Alguna madrugada, luego de espiar un par de fotos, la incluí en la breve lista de contactos de una
dirección vieja. Estaba conectada. «Hola, Mari», dije sin grandes expectativas. Pensé que todo
quedaría en un saludo convencional, que le diría dos pendejadas y que luego me iría a dormir.
«Hola», escribió. Ocurrió, entonces, algo muy extraño. Tenía más de diez años sin saber de ella,
sin hablarle, sin haber intercambiado una sola palabra. Se suponía que nuestra primera charla
debía estar coordinada por cierta cortesía, por un tacto polite. Sin embargo, la segunda línea me
descolocó. La releí con atención y, antes de responderle, fui a la nevera a buscar una cerveza.
Messenger.
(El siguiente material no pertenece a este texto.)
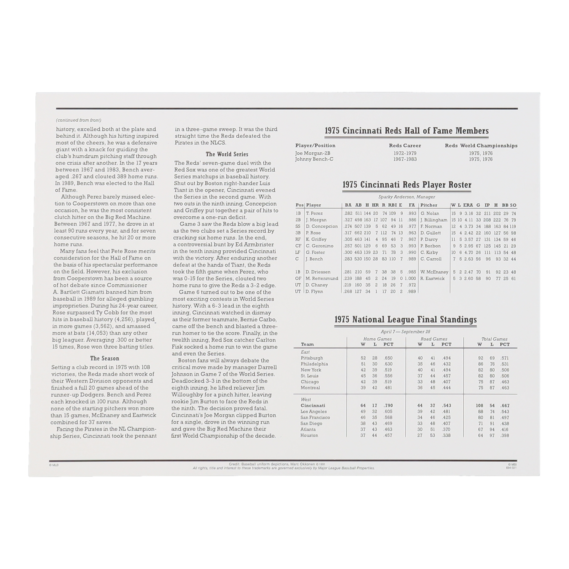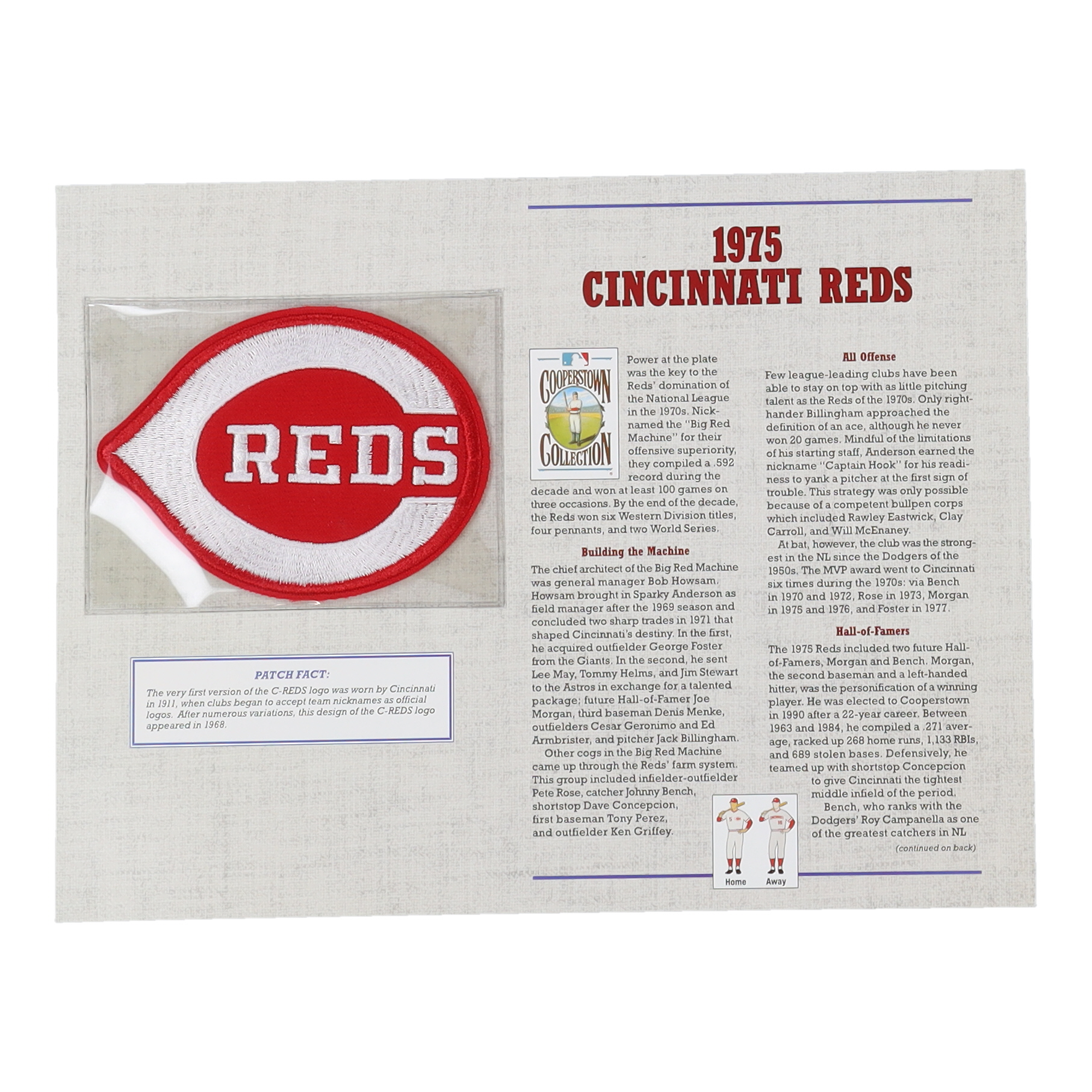 1975 Cincinnati Reds Cooperstown Collection statistics commemorative stat card measures approximately 9" x 12" in size. Includes cloth uniform patch as shown.
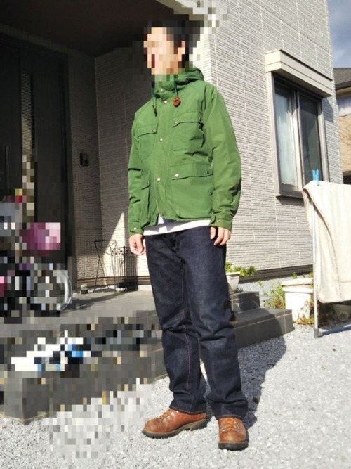 こちらも、シエラデザインズのマウンテンパーカーとデニムを合わせたコーディネートです。グリーンのマウンテンパーカーがとてもきれいに映えていて、さまざまなアイテムと馴染みの良いデニムと相性抜群です。こちらのようなコーデなら、明るい色にも挑戦しやすい着こなしなので、参考にしてみて下さい。
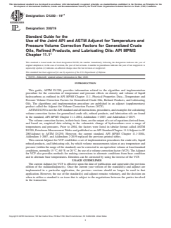 ASTM D1250-19e1 is the Standard Guide for the Use of the Joint API and ASTM Adjunct for Temperature and Pressure Volume Correction Factors (VCF) for Generalized Crude Oils, Refined Products, and Lubricating Oils, aligning with API MPMS Chapter 11.1. Developed by ASTM International, this guide provides essential information on algorithm and implementation procedures for correcting the temperature and pressure effects on density and volume of liquid hydrocarbons during measurement. The standard is globally recognized and supports accurate, standardized measurement practices in the petroleum and lubricants industries. It applies to both customary (U.S. customary units) and metric measurement systems.
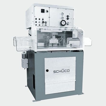 - Profiles can be clamped easily and without deformation and the spraying device moistens the saw blade with environmentally friendly oil so that no coolant runs out.
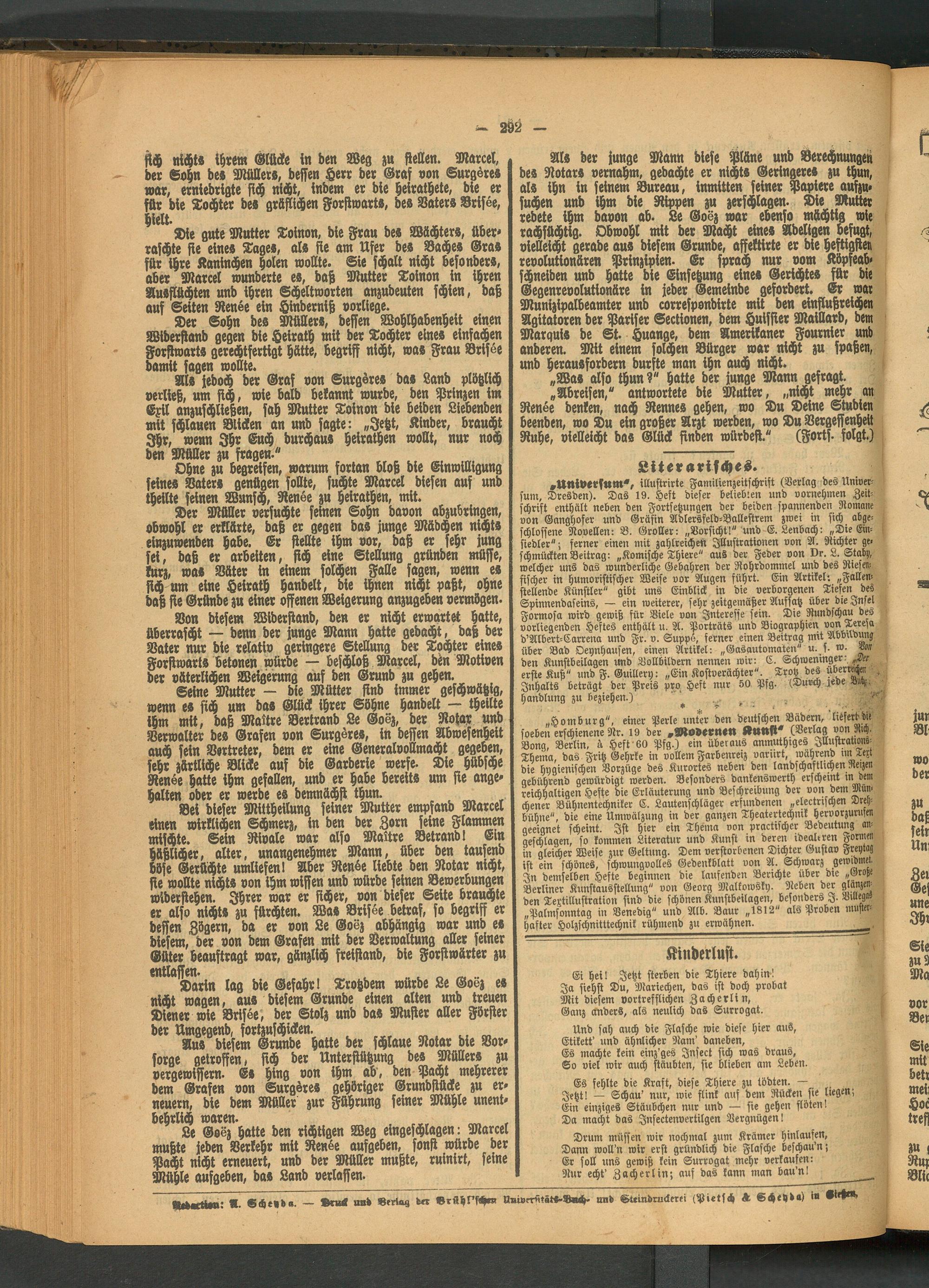 illustrirte Familienzeitschrist (Verlag des Universum, Dresden). Das 19. Heft dieser beliebien und vornehmen Zeitschrift enthält neben den Fortsetzungen der beiden spannenden Romane von Ganghofer und Gräfin Adlersfeld-Ballestrem zwei in sich abgeschlossene Novellen: B. Groller: „Vorsicht!^ und E. Lenbach: „Die Einsiedler"; ferner einen mit zahlreichen Illustrationen von A. Richter geschmückten Beitrag: „Komische Thiere" aus der Feder von Dr. L. Staby, welcher uns das wunderliche Gebühren der Rohrdommel und des Riesm- fischer in humoristischer Weise vor Augen führt. Ein Artikel: „Fallenstellende Künstler" gibt uns Einblick in die verborgenen Tiefen des Spinnendaseins, — ein weiterer, sehr zeitgemäßer Aufsatz über die Insel Formosa wird gewiß für Viele von Interesse sein. Die Rundschau des vorliegenden Heftes enthält u. A. Porträts und Biographien von Tereza d'Albert-Carrena und Fr. v. Supp-', ferner einen Beitrag mit Abbnoung über Bad Oeynhausen, einen Artikel: „Gasautomaten" u. f. w. « den Kunstbeilagen und Vollbildern nennen wir: C. Schweninger „Ar erste Kuß" und F. Guillery: „Ein Kostverächter". Trotz des uberr^tn . Inhalts betrügt der Preis pro Heft nur 50 Pfg. (Durch zede Behandlung zu beziehen.) " *
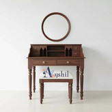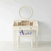 خرید میز آرایش مدل آیلین با آینه گرد و طراحی کلاسیک طبیعی
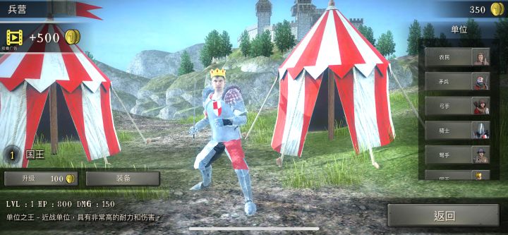 目前兵种比较少,就这六个,给大伙推荐一下1.农民:不推荐攻低血少,10一个,纯纯炮灰浪费金币2.长枪:推荐攻高血多,15一个,最具性价比的近战输出位,攻击高,抗伤能力一般,攻击距离远,关键是便宜,适合爆兵3.弓箭:不推荐攻低血少,20一个,远程农民,不建议用4.骑士:推荐攻高血厚,35一个,比较贵,但是很肉,军阵前面一排剑盾安全感十足,攻击距离近,但是攻击刚刚好能一刀砍死农民和弓箭
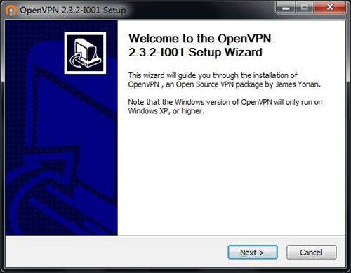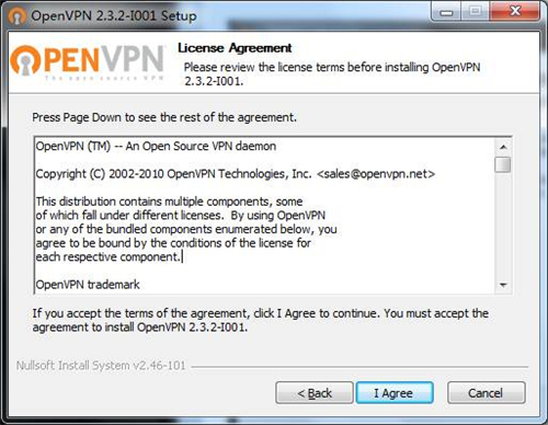 2、安裝OpenVPN,NETGEAR的VPN服務功能是基于OpenVPN的技術實現的,因此,我們要在每一臺需要連接VPN的電腦上安裝部署OpenVPN軟件。訪問http://support.netgear.cn/doucument/Detail.asp?id=2251獲取適用于您的操作系統的OpenVPN軟件,本例中獲取的軟件安裝包為“openvpn-install-2.3.2-I001-i686.exe”。雙擊運行此安裝程序,根據安裝程序提示完成安裝:
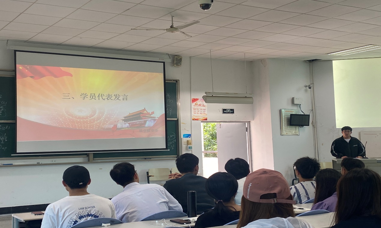2020级白如博同学作为学员代表进行发言。他从对党的认识、党课学习的态度、积极向党组织靠拢的决心等方面发表了自己的看法,号召全体入党积极分子认真学习,坚定理想信念,以高标准严格要求自己,积极向党组织靠拢,争取早日成为一名合格党员。
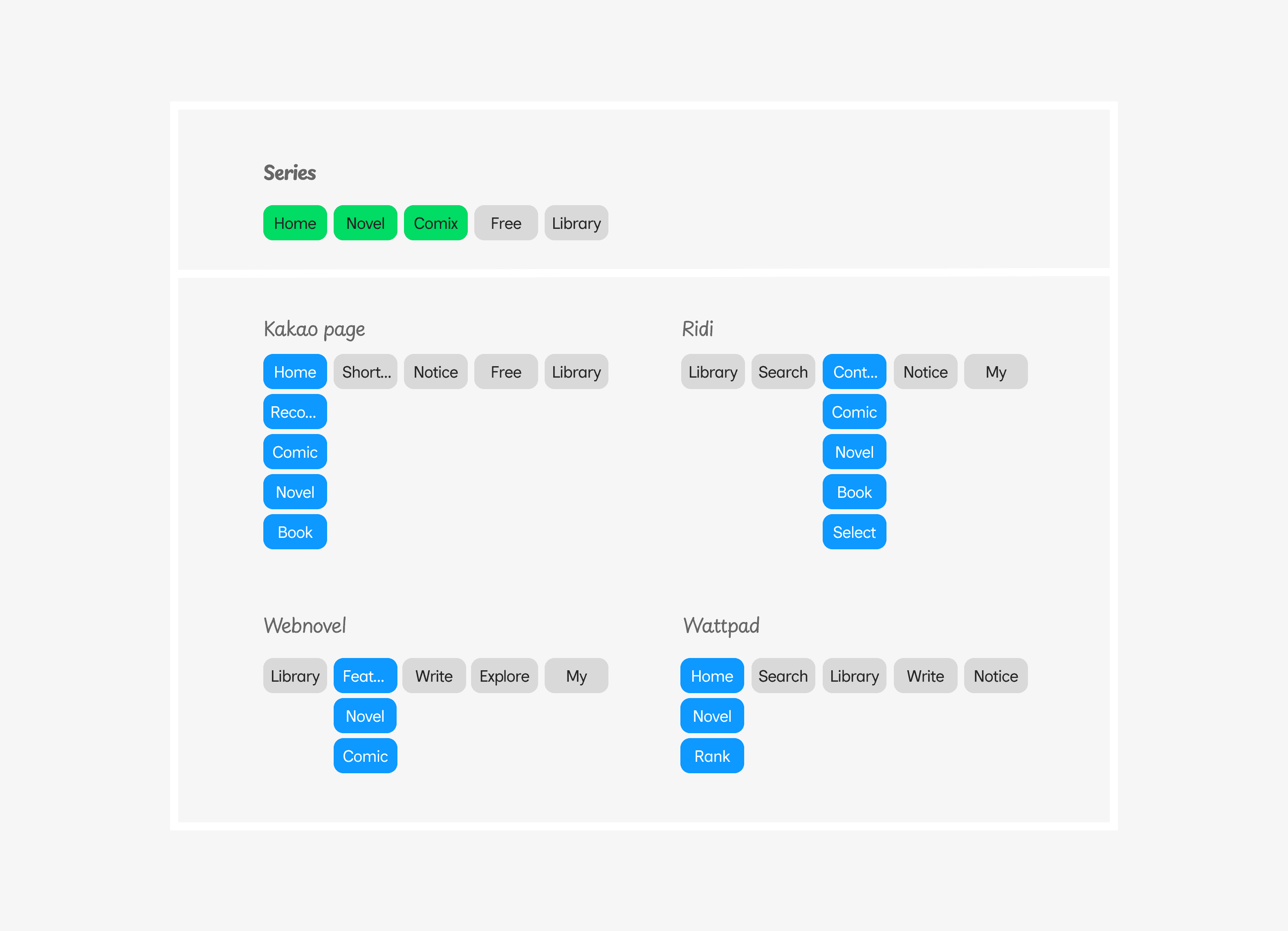 In contrast, Series app used content-based menus (e.g., Comix, Novel), while competitors focused on user goals with tabs like Home, Notice, and Search.
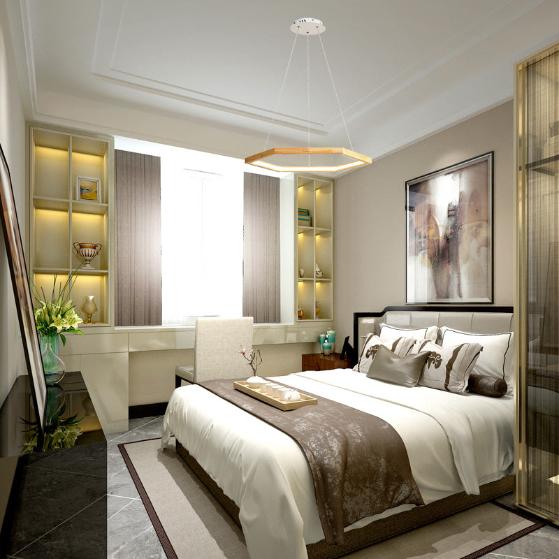 Contemporary Hexagonal Wood And Acrylic Pendant Chandelier With Led Lighting 16’/19.5’/23.5’

María Fernanda dice: «Siempre me acuerdo de que tú fuiste el primer carajo que me
chupó las tetas».
Dos meses más tarde, María Fernanda me escribió un mensaje privado. Necesitaba mi ayuda.
Debía pasar una noche en Madrid. Estaba en Caracas, tenía que ir a Alemania a retirar sus
credenciales de estudios universitarios pero el regreso a Venezuela, por supuesta torpeza de la
aerolínea, solo consiguió hacerlo a través de España. Llegaría a Madrid al mediodía de un martes
y saldría para Caracas en la mañana del miércoles. Me pidió que por favor la ayudara a ubicar un
buen hotel ya que ella no conocía la ciudad. «Pero, ¿quieres conocer Madrid? —pregunté con
amabilidad taimada—. ¿Quieres algo cerca de la Gran Vía, del Paseo La Castellana?». «La
verdad, no —respondió en un e-mail breve—. Solo quiero descansar. Preferiría algo cerca del
aeropuerto». Busqué el link de un N H en Barajas y se lo mandé. Respondió en el acto: «A las tres
de la tarde del martes te quiero en mi hotel».
¡Elena! ¿Qué contarle a Elena? En aquel tiempo yo tenía clases en la mañana y por lo general
llegaba a la casa después de almuerzo. La rutina de seminarios y reuniones con diversas ONG no
era algo cotidiano por lo que no se me ocurrió utilizar como coartada compromisos filantrópicos.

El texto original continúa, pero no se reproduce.